Schaeffer C S, Levin L S, King L R
Department of Surgery, Duke University Medical Center, Durham, NC 27710, USA.
World J Urol. 1996;14(6):384-7. doi: 10.1007/BF00183120.
Cloacal exstrophy patients are often difficult to reconstruct. Urinary continence is usually achievable only with a catheterizable stoma of some type. Since cloacal exstrophy is usually associated with omphalocele or gastroschisis, one-stage closure of the abdominal wall defect is frequently impossible. We prefer to incorporate the exstrophic large bowel, which separates the hemibladders, into the closed bladder as a sort of "natural" augmentation to maximize its volume for use as a continent reservoir. If a silastic "silo" or synthetic mesh is required to close the abdominal wall, excessive scarring occurs and later creation of a continent stoma is usually difficult and time-consuming. In all but those with the smallest abdominal wall defects we recommend that the omphalocele and upper abdominal wall be repaired first, replacing the evicted gut into the peritoneal cavity. During nutritional stabilization a tissue expander is placed under the superficial musculature of the chest wall. The flap is enlarged by gradual inflation of the tissue expander until it fills the abdominal wall defect left by subsequent closure of the cloacal exstrophy. The flap is then rotated inferiorly with blood supply intact at the time of bladder closure to make good the remaining abdominal wall defect. This flap improves the appearance of the abdominal wall and reduces scarring. Thus, this approach has the possibility of making subsequent operations to provide continence shorter, simpler, and more successful in most infants with cloacal exstrophy.

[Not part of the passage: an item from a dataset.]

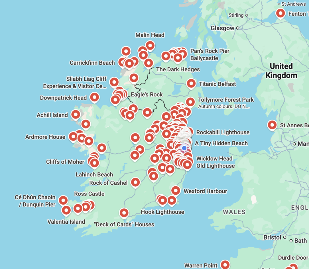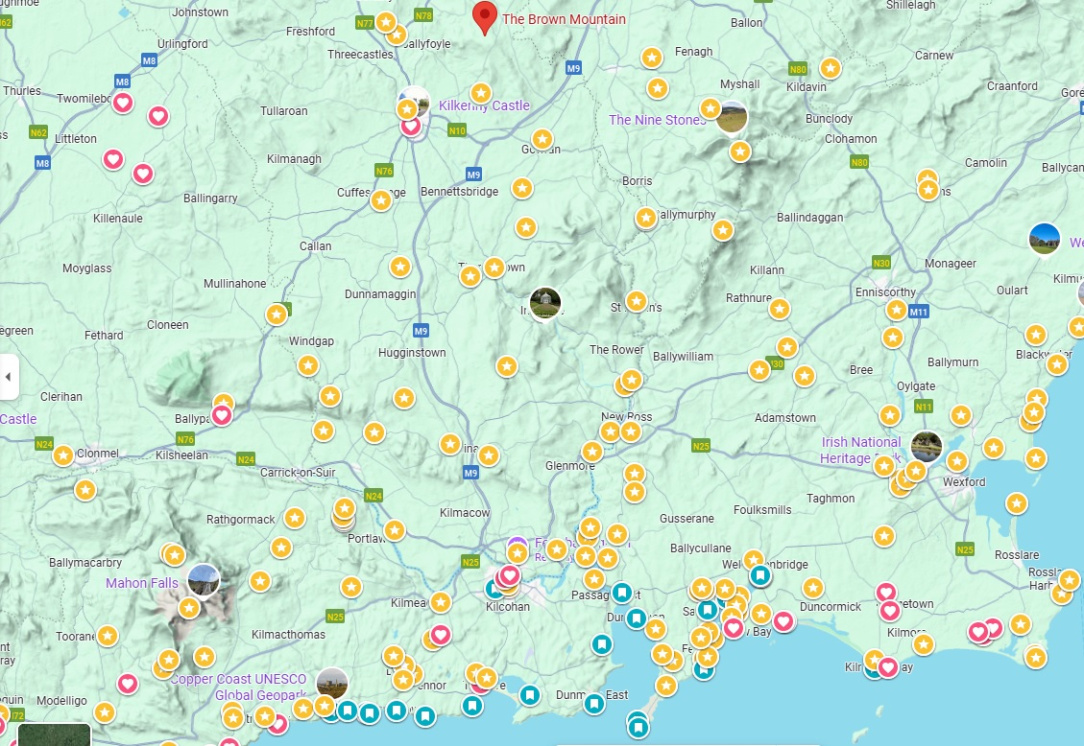 That's my area's to visit etc. eg dolmens, beaches, photographic area's. Handy when using google maps on car nav system.

泄殖腔外翻患者的重建手术往往难度较大。通常只有通过某种可导尿的造口才能实现尿失禁。由于泄殖腔外翻通常与脐膨出或腹裂相关,一期关闭腹壁缺损往往是不可能的。我们倾向于将分隔半膀胱的外翻大肠纳入闭合膀胱,作为一种“自然”的扩大方式,以最大化其容量,用作可控性贮尿囊。如果需要使用硅橡胶“袋”或合成网片来关闭腹壁,就会出现过度瘢痕形成,随后创建可控性造口通常既困难又耗时。除了腹壁缺损最小的患者外,我们建议首先修复脐膨出和上腹壁,将脱出的肠道放回腹腔。在营养状况稳定期间,在胸壁浅肌层下放置一个组织扩张器。通过逐渐向组织扩张器充气来扩大皮瓣,直到它填满泄殖腔外翻后续关闭后留下的腹壁缺损。然后在膀胱关闭时,在保持血供完整的情况下将皮瓣向下旋转,以填补剩余的腹壁缺损。这种皮瓣改善了腹壁外观并减少了瘢痕形成。因此,这种方法有可能使大多数泄殖腔外翻婴儿后续提供控尿功能的手术更短、更简单且更成功。